One year and eight months after being appointed, de Hollanda was ousted from the Ministry, in great part — though not exclusively — due to her mishandling of copyright-related issues. The new minister, Marta Suplicy, signaled towards a continuation of the Gilberto Gil/Juca Ferreira years by hiring back Marcos Souza, who had been let go by de Hollanda, as the head of the Intellectual Rights Directorship. This took place in October 2012. Between then and now, the text went through a new round of modifications, and is now at the office of the Chief of Staff of the President of Brazil, ready to be sent to Congress.

Why, then, has it not been sent yet? And why wasn’t the final text published, considering this was a process that was conducted with a reasonable degree of transparency, at least in its initial stages?

1. Marco Civil and the battle over ISP liability. One of the most controversial bills currently at the House of Deputies is the aforementioned Marco Civil, which deals with, among other themes, net neutrality and ISP liability.

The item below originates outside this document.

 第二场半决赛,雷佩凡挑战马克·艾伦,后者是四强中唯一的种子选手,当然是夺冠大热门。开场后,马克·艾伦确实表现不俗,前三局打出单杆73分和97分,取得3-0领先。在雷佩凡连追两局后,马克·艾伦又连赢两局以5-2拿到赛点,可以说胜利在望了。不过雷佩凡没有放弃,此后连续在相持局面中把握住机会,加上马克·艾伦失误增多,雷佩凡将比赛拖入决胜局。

The issue of ISP liability in Marco Civil has clear copyright ramifications. The initial bill, also the result of a public consultation process, created a system in which content would be removed from the Internet only in response to court order, eschewing a notice-and-takedown system. Nonetheless, concessions made to cultural industry stakeholders, spearheaded by Organizações Globo, established an exception to the rule: the Marco Civil system is not applicable to copyright infringement, which will be dealt with by the copyright reform bill. Copyright reform should then stage one more spinous controversy.

2. The 2014 elections as an incentive for delayed action. Brazil will hold presidential elections in 2014. There is absolutely no incentive for Government to send major proposals to Congress before the matter of Dilma Rousseff’s reelection is settled.  Since some of bills at the House of Deputies in 2013 was already controversial enough — Marco Civil included — the Government decided to avoid the thorny issue of copyright reform. It is reasonable to expect that the copyright reform bill will not be introduced until after 2014 — and if Dilma is reelected.

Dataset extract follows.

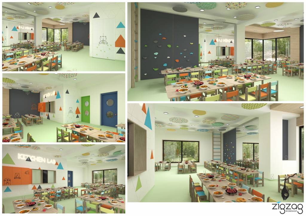 Sala de mese comunică cu mediul înconjurător prin niște ferestre mari, care asigură o priveliște minunată pentru cei mici în timpul mesei. Copiii pot astfel observa cum își lasă amprenta fiecare anotimp peste copacii din pădure. În anotimpul rece, atunci când vremea nu permite realizarea activităților în mijlocul pădurii, în aer liber, sala de mese devine sală de sport, fiind echipată cu panouri de cățărare și alte zone de distracție.

Given this scenario, what is most troubling about the future ahead is that the entire copyright reform process could lose considerable momentum in 2014. A lot was already lost during 2013, considering civil society has turned its focus to Marco Civil. On top of that, the Snowden leaks and the upcoming Global Multistakeholder Meeting on the Future of Internet Governance, to be held in São Paulo, have turned copyright into a secondary concern. Privacy and surveillance seem to have taken the front stage.

A further complicating factor is that one of the main items in the copyright reform agenda has actually been passed into legislation last year: collective management regulation. Law 12.853/2013 provides for more efficiency and transparency in the management public performance rights, addressing a problem that was certainly among Brazil’s most serious when it comes to copyright and the recording industry. While this is definitely not be regarded as a step back, detaching the issue of collective management from the body of the copyright reform bill means that some of the stakeholders that were previously supporting the broader process will not be as interested in continuing to push for reform. A few might even oppose some of the reform items.

Finally, while the Ministry of Culture must be commended for its efforts in moving the conversation forward, researchers and civil society have not had access to the latest draft of the text — the one currently in the office of the Chief of Staff of the President of Brazil. Civil society organizations are trying to reestablish the network that was created during the initial stage of the reform process. It’s about time: we still have a long way to go, and the challenges ahead require a great deal of coordination and support from reform-minded individuals and organizations.